To do so we need first a base, let's use linear piecewise function function use in the FE methode

In [4]:
def hat(x,xc,support=1):
    ### P1 function
    # in:
    # x: 
    # xc: center of the peak
    # support: 
    y = np.maximum(1-np.abs((x-xc)/support),0.)
    return y

### Bases function settings

In [5]:
Nf = 15 # number of bases function

xc_list = np.linspace(xmin,xmax,Nf)
xc_list.shape
support = (xmax-xmin)/(Nf-1)

### Draw the hat functions

In [6]:
N = 500 
x_hat = np.linspace(xmin, xmax, N)

In [7]:
fig = plt.figure()
for i in range(0,len(xc_list)):
    plt.plot(x_hat,hat(x_hat,xc_list[i],support))
plt.grid()

<IPython.core.display.Javascript object>

## Fit the data using this base of functions

### Determination of the coefficent by regression

In [8]:
# Construcion of the X matrix
X = np.zeros((Nf,len(x)))         
for i in range(0,len(xc_list)):
    X[i,:] = hat(x, xc_list[i], support)
    #X = np.append(X, [hat(x, xc_list[i], support)], axis=0)
X=X.T    

# Construcion of the Y matrix
Y = y.T

# Computation of the least square estimator
beta = np.dot(np.linalg.inv(np.dot(X.T,X)),np.dot(X.T,Y))

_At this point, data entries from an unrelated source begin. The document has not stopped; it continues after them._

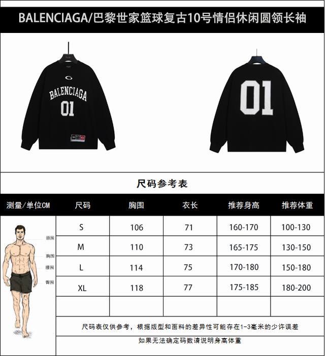 Real shot details + size chart. Balenciaga basketball retro size 10 casual round neck long-sleeved shirt for couples. Top version! 26-count 280g double yarn cotton fabric! Large logo on the front and back with imported embroidery and printing! Accessories: Original mold, authenticated neck label, 100% silk washing label. Authentic original hangtag, matching lanyard, 3D hang tag, original packaging bag. Craftsmanship: Consistent stitching! Highest version armhole matching technique! Countless pattern making to perfectly reproduce the authentic product! Correct version, unisex, super eye-catching, super good-looking, super stylish! Colors: White, Black. Sizes: S-XL.
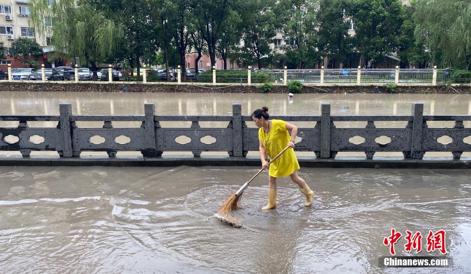 8月4日,市民清理积水。4日3时30分前后,乐清16年后再次迎来台风登陆,登陆时中心附近最大风力13级(38米/秒)。中新社记者 王刚 摄
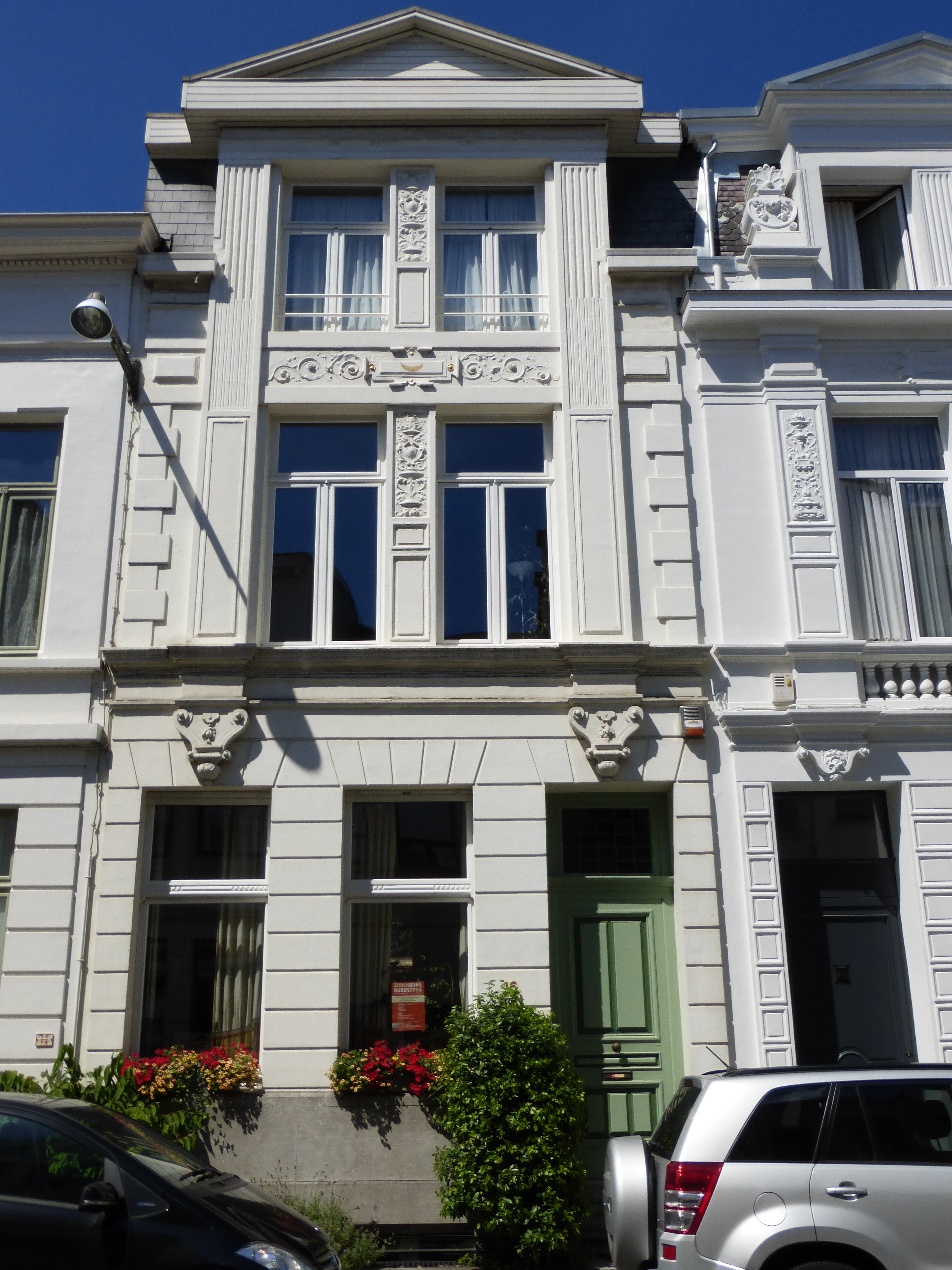 De afbeelding 'Neoclassicistische stadswoningen' gemaakt door Hooft, Elise wordt ter beschikking gesteld door Agentschap Onroerend Erfgoed (AOE) onder de volgende voorwaarden: Modellicentie voor gratis hergebruik, Naamsvermelding 4.0 Internationaal.

print("The fitted coeff:")
print(beta)

The fitted coeff:
[ 34.21181689   6.54133034 -19.68973686 -25.06030747 -22.17281562
 -17.19946533 -11.12295646  -6.45010219   2.84929182   0.23314199
   2.97368338  -1.72959454  -2.71579939  -2.05246729  12.67920535]


### Draw the results

In [9]:
N = 100
xi = np.linspace(xmin, xmax, N)

yi = np.zeros(xi.shape)
for i in range(0,len(xc_list)):
    yi = yi + beta[i] * hat(xi,xc_list[i],support)

In [10]:
fig = plt.figure()
plt.plot(x,y,'o',label = "Data")
plt.plot(xi,yi,'r',label = "Regression")
plt.legend()
plt.grid()

<IPython.core.display.Javascript object>